With human projects and ventures we have another story. These are often scalable, as I said in Chapter 3. With scalable variables … you will witness the exact opposite effect. Let’s say a project is expected to terminate in 79 days, the same expectation in days as the newborn female has in years. On the 79th day, if the project is not finished, it will be expected to take another 25 days to complete. But on the 90th day, if the project is still not completed, it should have about 58 days to go. On the 100th, it should have 89 days to go. On the 119th, it should have an extra 149 days. On day 600, if the project is not done, you will be expected to need an extra 1,590 days. As you see, the longer you wait, the longer you will be expected to wait.
In Taleb’s 2012 book Antifragile: Things That Gain from Disorder he for the first time explicitly referred to his idea as the Lindy Effect, removed the bounds of the life of the producer to include anything which doesn’t have a natural upper bound, and incorporated it into his broader theory of the Antifragile.

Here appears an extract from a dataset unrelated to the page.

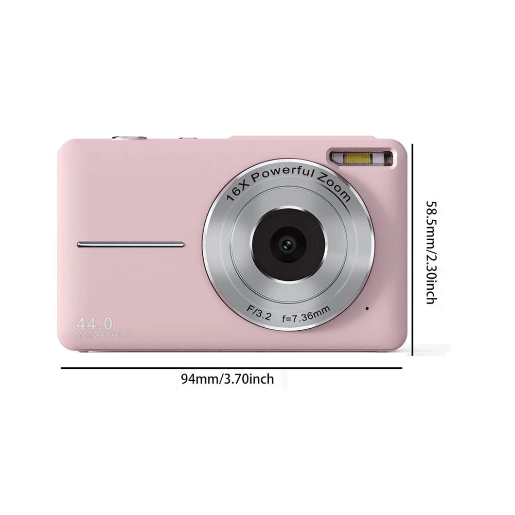 Feature: 1. HD 44MP 1080P and 2.4-inch IPS LCD Screen: This digital camera has up to 44 million pixels, supports 44MP image resolution and 1080p video resolution, providing excellent recording and photography performance. This camera has a 2.4 inch IPS LCD screen, which can capture or play clear quality photos/videos. This mini digital camera is suitable for children/teenagers/elderly/beginners, with face recognition and smiling face detection functions. 2. Camera Timer: This children's digital camera can delay for 2 seconds/5 seconds/10 seconds according to your needs (please press the "left" button). This digital camera has a delay function, which can delay the time and start recording after 2S/5S/10S. 3. Easy to Use and Lightweight: A compact camera designed specifically for children, with just a few buttons and an intuitive interface, it is very easy to use and can also be used well by children. Made of healthy and environmentally friendly materials, it is anti drop and wear-resistant, and can be placed in a bag. And the lanyard can effectively prevent the digital camera from being lost or dropped by children. 4. 16x Digital Zoom and Webcam: This compact camera comes with a 16x digital zoom and built-in flash, allowing you to zoom in or out on images using the W/T button. It can also be used as a web camera. If you connect your camera to your computer through a USB cable, you can make video blog recordings, video calls, or live broadcasts. 5. Perfect Gift for Children: This digital camera is perfect for children. Parents can give them as holiday gifts to their children, allowing them to take photos and record the beautiful daily life. Cameras can also effectively prevent children from becoming to mobile phones, making them perfect for recording happy moments with friends, family, and classmates indoors/outdoors. Specification: Certification: CE Origin: Mainland China Color: Black, Pink, Green (optional) Image sensor: 5 megapixel CMOS sensor (up to 44MP interpolation) Image sensor size: 1/4 inch Pixel: 4400W Photo resolution: 44M: 7600 * 5800: 42M: 7488 * 5616: 36M: 6912 * 5184: 24M: 5600 * 4200: 20M: 5200 * 3900: 16M: 4608 * 3456: 12M: 4000 * 3000: 10M: 3648 2736: 8M: 3264 * 2448: 5M: 2592 * 1944 Video resolution: FDH (1920 * 1080); HD (1280 * 720); 640 (640 * 480) Lens angle: 66 ° Display screen: 2.4 inches, 320 * 240 IPS Lens: F/3.2 f=7.36mm Zoom: 16x zoom Focus: Auto focus File format: photo JPG, video AVI USB: Type-C USB Power supply: 700mAh 3.7V rechargeable lithium battery Working hours: Video recording for approximately 60 minutes Extended memory: Single card slot: TF card slot (maximum 32GB), supporting SDHC/SDXC level 10 or above Language: English, Simplified Chinese, French, Spanish, German, Italian, Portuguese, Dutch language, Japanese, Russian, Arabic Size: 94x58.5x23.5mm/3.70x2.28x0.92inch Weight: 130g Kind reminder: 1. A digital camera compatible with a 4-32GB SD card, please format the SD card before using the camera. This product does not include SD cards for sale Before using the camera for the first time, please fully charge the battery. (Please note that first remove the battery, remove the insulation sticker from the battery, then charge and start using it. Otherwise, the battery will not be able to be used.) 3. When children use digital cameras, please read the user manual carefully. 4. Please ensure that there is an SD card in the camera before use Note: Due to the different monitor and light effect, the actual color of the item might be slightly different from the color showed on the pictures. Thank you! Please allow 1-2cm measuring deviation due to manual measurement. 1 * Camera 1 * Storage bag 1 * Charger 1 * USB cable 1 * Hanging rope 1 * Mirror wiping cloth 1 * Instructions ,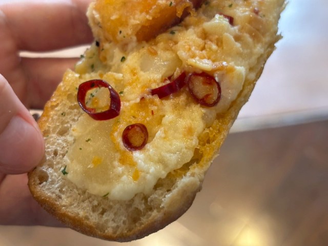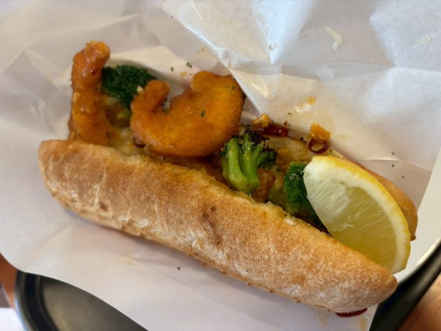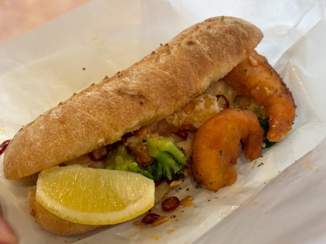 ハワイ名物のガーリックシュリンプをベローチェ流にアレンジした焼きたてサンドで、殻付き海老にポテトサラダ、ブロッコリー、マスタード入りマヨソースという独特な組み合わせ。

If a book has been in print for forty years, I can expect it to be in print for another forty years. But, and that is the main difference, if it survives another decade, then it will be expected to be in print another fifty years. This, simply, as a rule, tells you why things that have been around for a long time are not “aging” like persons, but “aging” in reverse. Every year that passes without extinction doubles the additional life expectancy. This is an indicator of some robustness. The robustness of an item is proportional to its life!
According to Taleb, Mandelbrot agreed with the expanded definition of the Lindy Effect: “I [Taleb] suggested the boundary perishable/nonperishable and he [Mandelbrot] agreed that the nonperishable would be power-law distributed while the perishable (the initial Lindy story) worked as a mere metaphor.”
Pareto distribution
Lifetimes following the Pareto distribution (a power-law distribution) demonstrate the Lindy effect.
The Lindy effect, according to Iddo Eliazar,[10] is connected to Pareto’s Law, to Zipf’s Law, and to socioeconomic inequality.